Konstantin Nikolaevich Nikolsky (; born 1 February 1951 in Moscow) is a Russian rock musician, singer, guitarist and songwriter. He has played with a lot of Russian bands, including Voskreseniye and Tsvety.

Biography
He started back as an amateur in the late sixties with Moscow band "Atlants" with Alexander Sikorsky. He worked in official bands during the '70s, most notably a guitarist for Stas Namin band "Tsvety" and "Festival". Working for Festival he wrote songs for films.

In the summer of '81 he joined the band Voskreseniye as a songwriter and guitarist. Writing hit songs such as "O Chem Poyot Nochnaya Ptitsa" ("Of What the Night Bird Sings") and "Zerkalo Mira" ("The Mirror of the World"), the band shot to fame, and these songs became instant classics.

He only recorded one album with Voskreseniye: "Voskreseniye 2". It was recorded in a basement of an old office over three days, and is perhaps the most well known album from them.

In 1983 he left Voskreseniye and rejoined "Festival".

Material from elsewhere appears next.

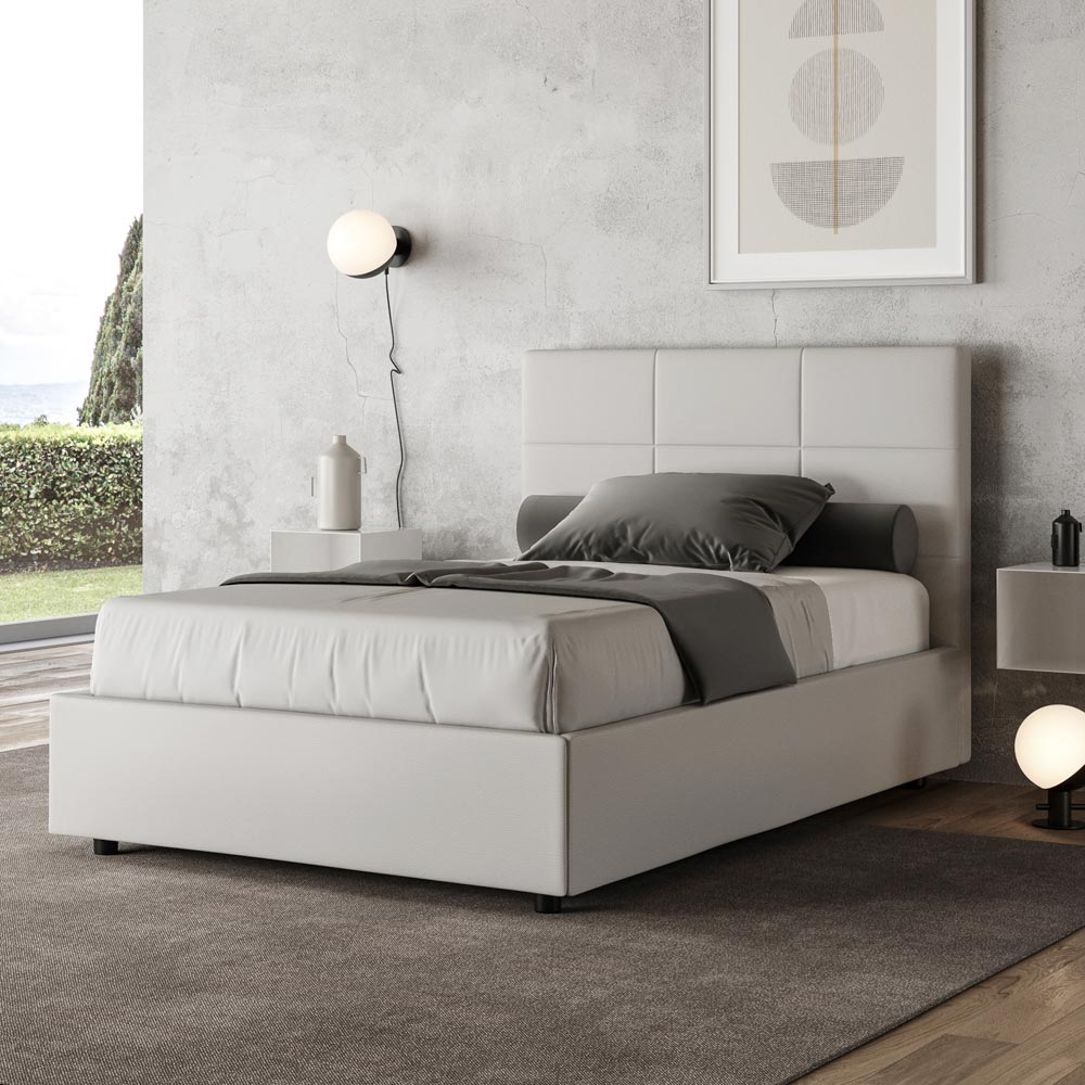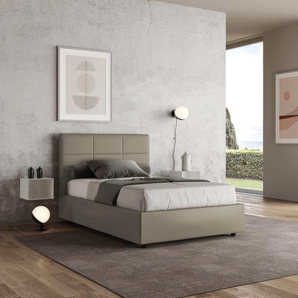 French bed 140x200 cm padded made of melamine panels and covered in imitation leather , entirely Made in Italy. This bed, with its padded frame, is the perfect example of how elegance and comfort can be combined in a single piece of furniture. This model is characterized by itsHeadboard enriched with rectangular geometric patterns . Upholstered in faux leather, it is easy to keep clean: just a microfiber cloth is enough for quick and effective cleaning.

After finishing the Gnesini school of guitar music in '84, Nicolsky left "Festival" and formed his own musical group "Zerkalo Mira". The band disbanded three years later, shortly after taking part in the big concert "Rock Panorama", playing alongside bands like Bravo and Rondo. They did not record any albums.

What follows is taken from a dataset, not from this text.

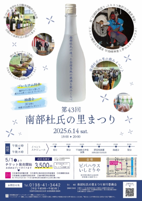 日本三大杜氏のひとつ「南部杜氏」。藩政時代より南部の酒造り340年余の歴史を担いつづけている南部杜氏発祥の地・石鳥谷(いしどりや)ならではの日本酒のまつりです。参加者は南部杜氏自醸清酒鑑評会出品酒を味わえます。

After the breakup of "Zerkalo Mira", Nicolsky was joined by pianist M. Shevtsov and guitarist A. Berezovsky, and he started work on his solo project. He moved towards a calm acoustical style that fits in perfectly with his musical material. In 1990 his band was joined by bass guitarist and friend Alexander Kuzmichev and drummer Igor Kostikov.

Eventually he recorded his first solo album in 1991 and he began touring immediately afterward, playing songs from this album. The band was asked to play live on hit Russian TV shows such as "Live water", "Rock-n-roll TV" and "Program A".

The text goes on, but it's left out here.